■ **COLLECTED MATERIAL**:
____________

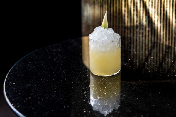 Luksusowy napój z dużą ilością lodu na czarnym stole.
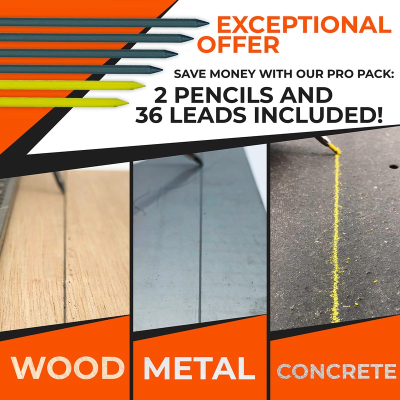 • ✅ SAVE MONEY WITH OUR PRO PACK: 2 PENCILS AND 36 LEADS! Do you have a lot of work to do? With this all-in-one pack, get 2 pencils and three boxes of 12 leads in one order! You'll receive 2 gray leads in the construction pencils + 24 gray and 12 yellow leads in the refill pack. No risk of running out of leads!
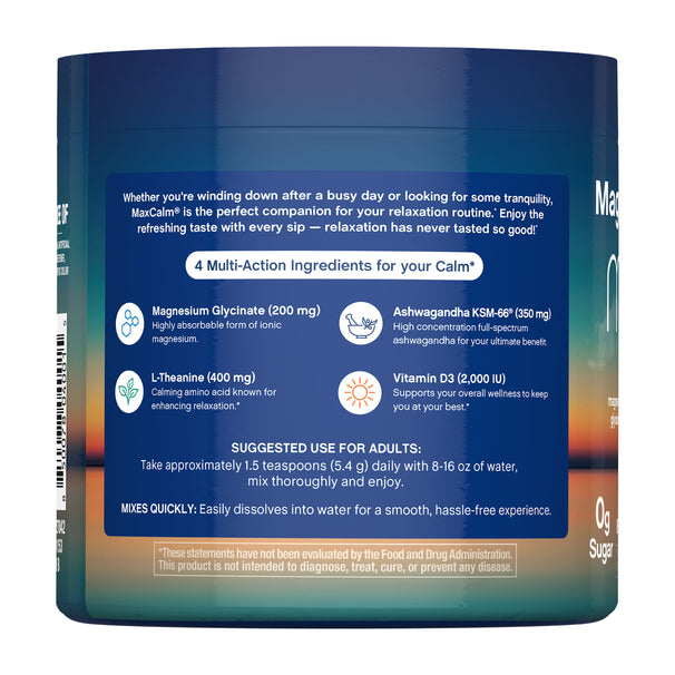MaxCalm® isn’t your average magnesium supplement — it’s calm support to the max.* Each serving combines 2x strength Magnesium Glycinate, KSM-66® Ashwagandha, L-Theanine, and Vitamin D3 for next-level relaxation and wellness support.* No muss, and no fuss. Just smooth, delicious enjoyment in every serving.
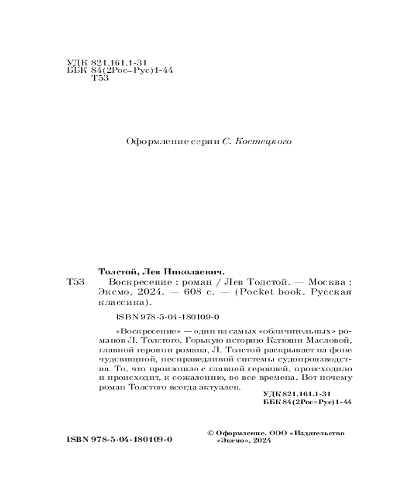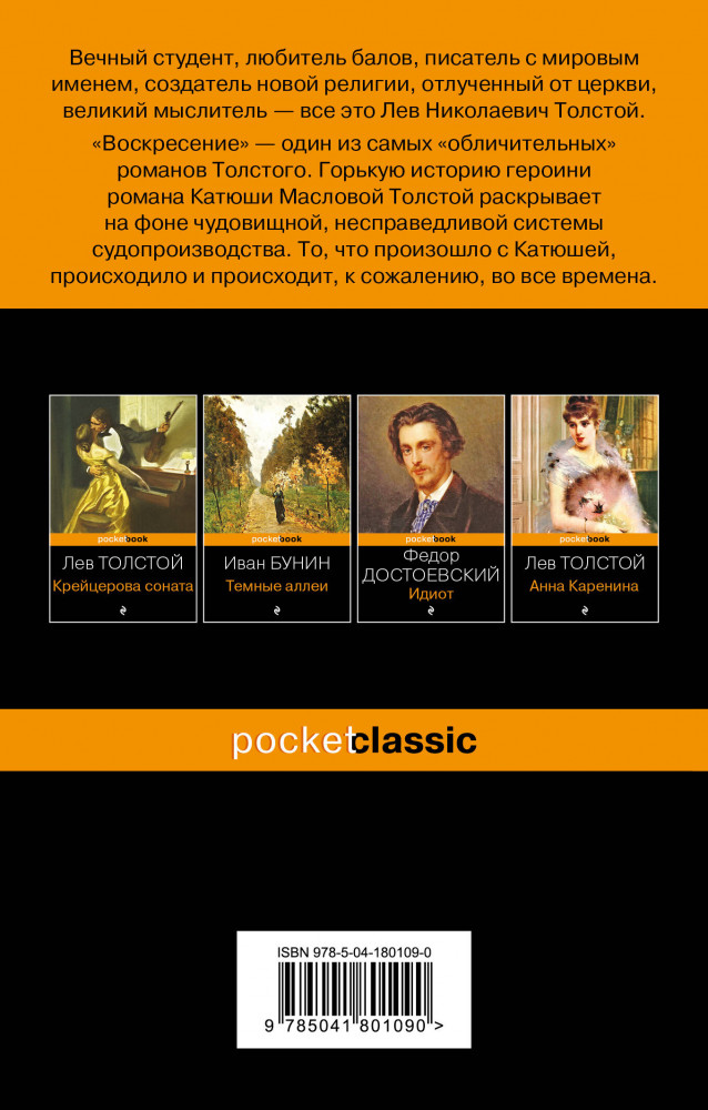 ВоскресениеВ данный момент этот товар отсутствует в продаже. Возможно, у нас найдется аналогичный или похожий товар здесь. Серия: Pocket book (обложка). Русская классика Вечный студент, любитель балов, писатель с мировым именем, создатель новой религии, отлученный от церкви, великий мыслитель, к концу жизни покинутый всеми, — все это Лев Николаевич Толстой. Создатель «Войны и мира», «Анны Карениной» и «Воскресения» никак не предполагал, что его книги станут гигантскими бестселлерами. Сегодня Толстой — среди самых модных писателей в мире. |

____________

Copy out every line of the data above, taking care to leave the pictures out.

■ **FINISHED TASK**:
 Luksusowy napój z dużą ilością lodu na czarnym stole.
 • ✅ SAVE MONEY WITH OUR PRO PACK: 2 PENCILS AND 36 LEADS! Do you have a lot of work to do? With this all-in-one pack, get 2 pencils and three boxes of 12 leads in one order! You'll receive 2 gray leads in the construction pencils + 24 gray and 12 yellow leads in the refill pack. No risk of running out of leads!
MaxCalm® isn’t your average magnesium supplement — it’s calm support to the max.* Each serving combines 2x strength Magnesium Glycinate, KSM-66® Ashwagandha, L-Theanine, and Vitamin D3 for next-level relaxation and wellness support.* No muss, and no fuss. Just smooth, delicious enjoyment in every serving.
 ВоскресениеВ данный момент этот товар отсутствует в продаже. Возможно, у нас найдется аналогичный или похожий товар здесь. Серия: Pocket book (обложка). Русская классика Вечный студент, любитель балов, писатель с мировым именем, создатель новой религии, отлученный от церкви, великий мыслитель, к концу жизни покинутый всеми, — все это Лев Николаевич Толстой. Создатель «Войны и мира», «Анны Карениной» и «Воскресения» никак не предполагал, что его книги станут гигантскими бестселлерами. Сегодня Толстой — среди самых модных писателей в мире. |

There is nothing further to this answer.